Technical information
- Licensing authority: FCC
- Facility ID: 33055
- Class: D
- Power: 1,000 watts (daytime) 91 watts (nighttime)
- Transmitter coordinates: 41°54′34″N 90°13′28″W﻿ / ﻿41.90944°N 90.22444°W

Links
- Public license information: Public file; LMS;
- Webcast: Listen Live
- Website: KCLN Online

= KCLN =

KCLN (1390 AM) is a commercial radio station licensed to serve the community of Clinton, Iowa. KCLN primarily airs an automated oldies format. KCLN and its sister station KMCN 94.7 MHz (formerly 97.7 MHz) were owned from 1999 to 2018 by Prairie Radio Communications, which purchased the facilities from K to Z Ltd. who had been the owners of the AM/FM combo since 1990. KCLN began broadcasting in 1956.
The KCLN call letters supposedly were an initialism for "Keep Clinton Listeners Notified". They changed the call letters to KLNT which existed from 1978 to 1998. The format was generally Country Music and then Adult Standards during that time. KLNT returned to using the KCLN call sign when their sister station switched from KCLN-FM to KZEG.

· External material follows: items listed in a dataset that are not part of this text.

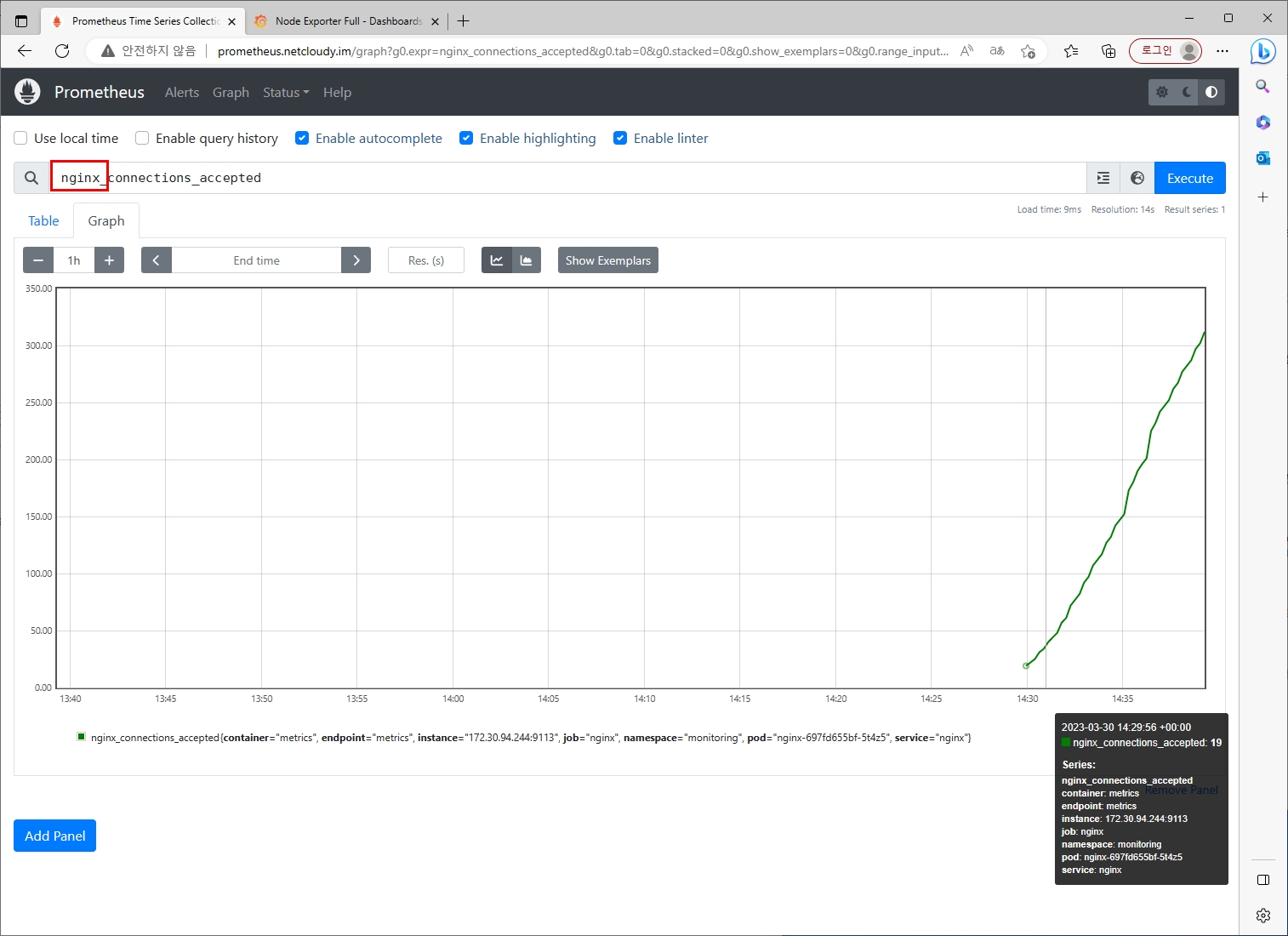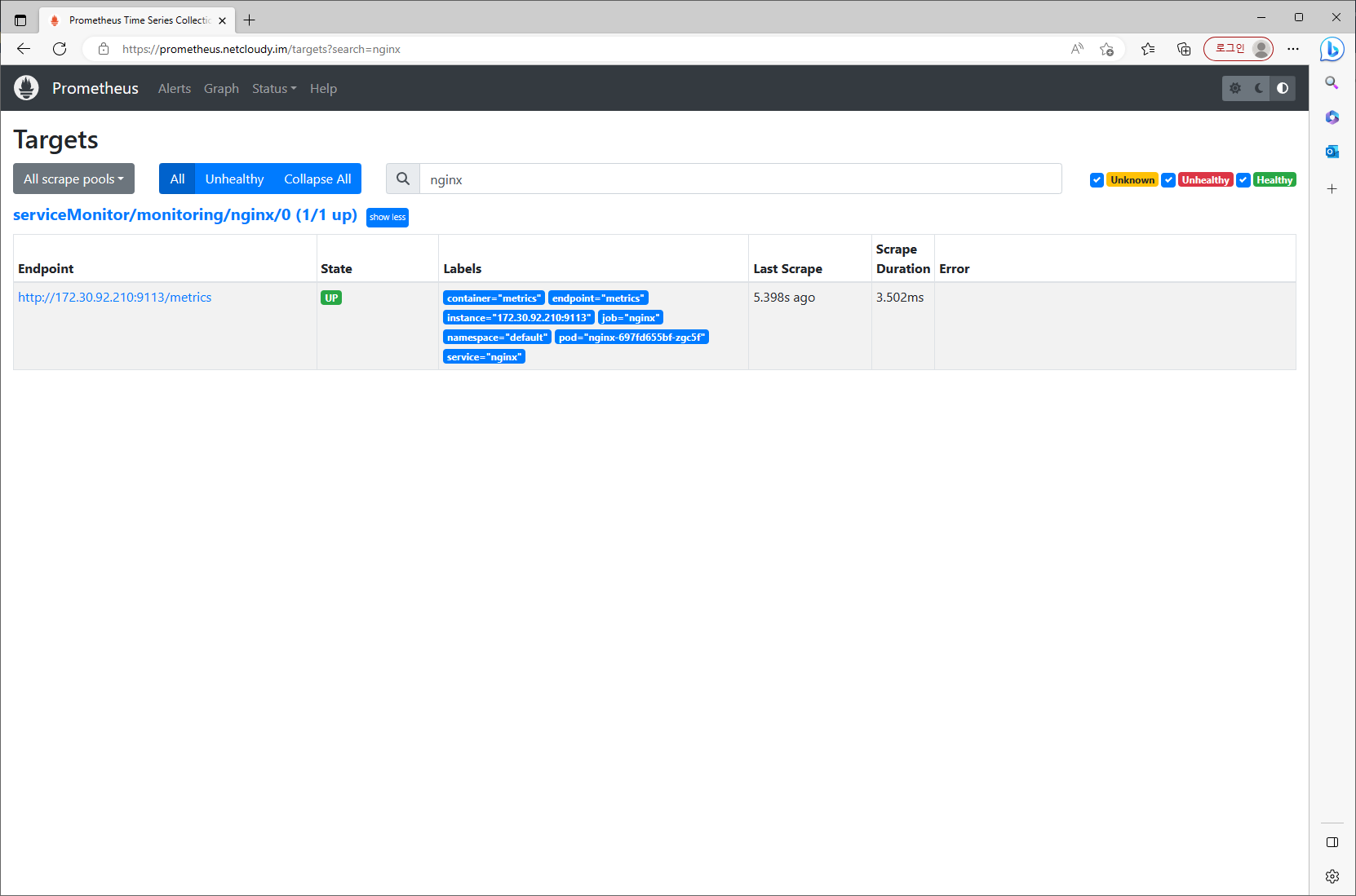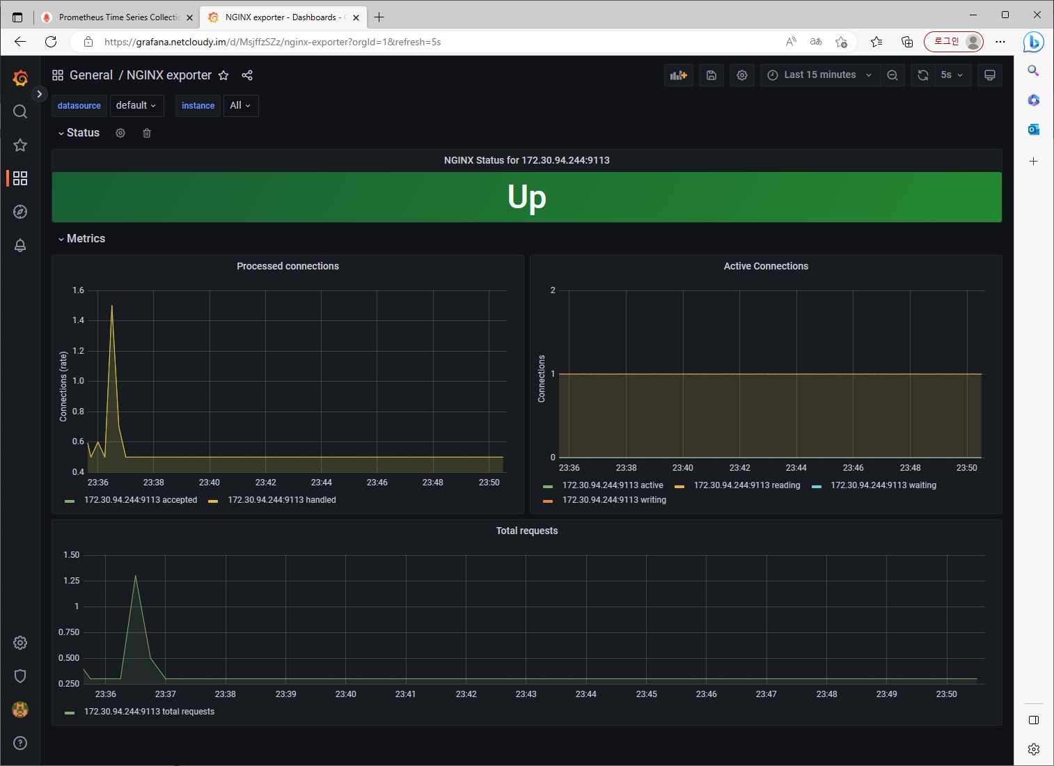 Nginx 파드를 배포 후 관련 metric 를 프로메테우스 웹에서 확인하고, 그라파나에 nginx 웹서버 대시보드를 추가 후 확인해보세요
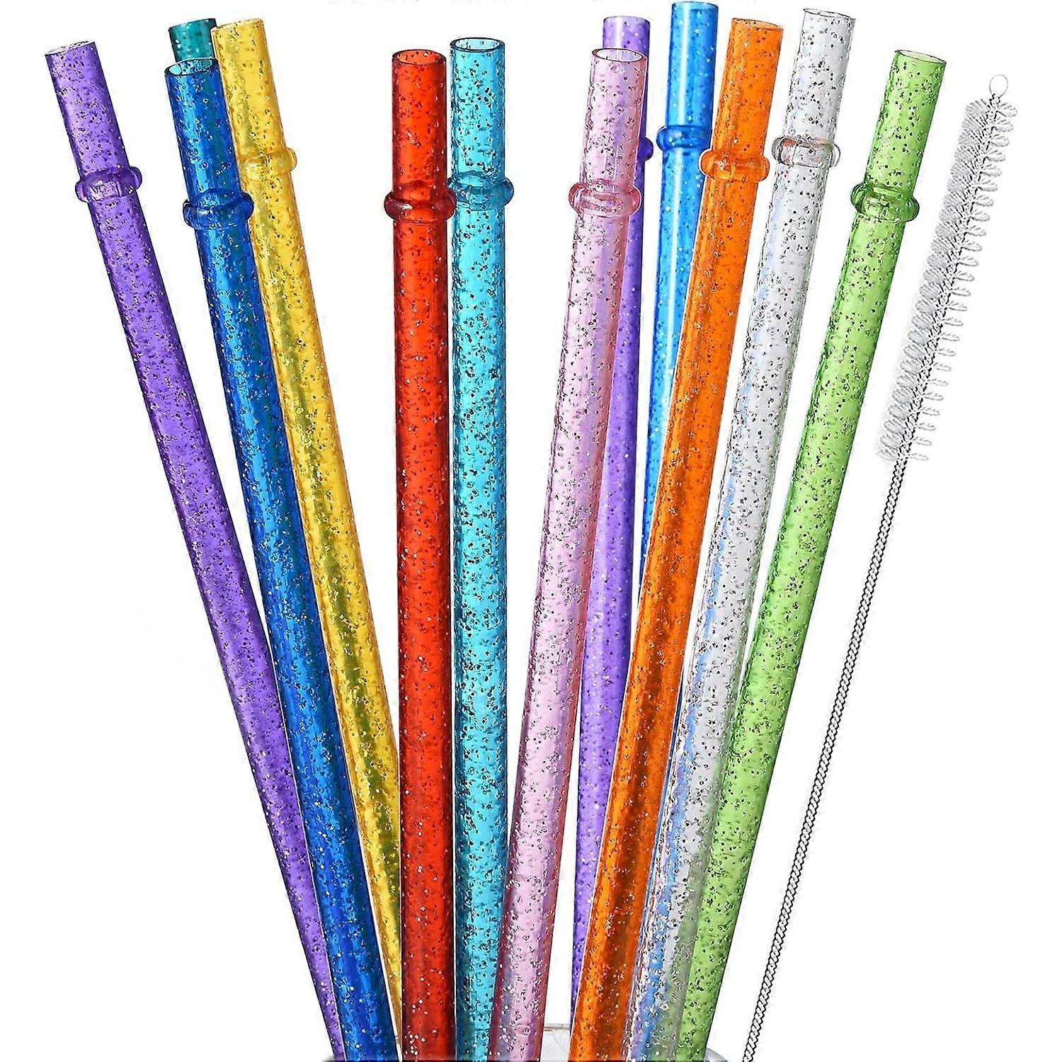 12-Pack Reusable Clear Plastic Glitter Straws,13 inch Extra Long Tumbler Straws for Cups,1 Gallon,64oz40oz Water Bottles
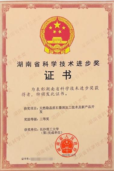 近日,湖南省科技创新奖励大会在长沙召开,由我院谢炜教授科研团队主持完成的天然隐晶质石墨深加工技术及新产品开发荣获2021年度湖南省科学技术进步奖三等奖。

The KCLN-AM antenna uses two towers arranged in a directional array, concentrating the signal north–south along the Mississippi River. One of the two towers hosts the FM antenna for sister station KMCN.

Effective March 15, 2018, Prairie Radio sold KCLN and KMCN to Gendreau Broadcast LLC for $240,000.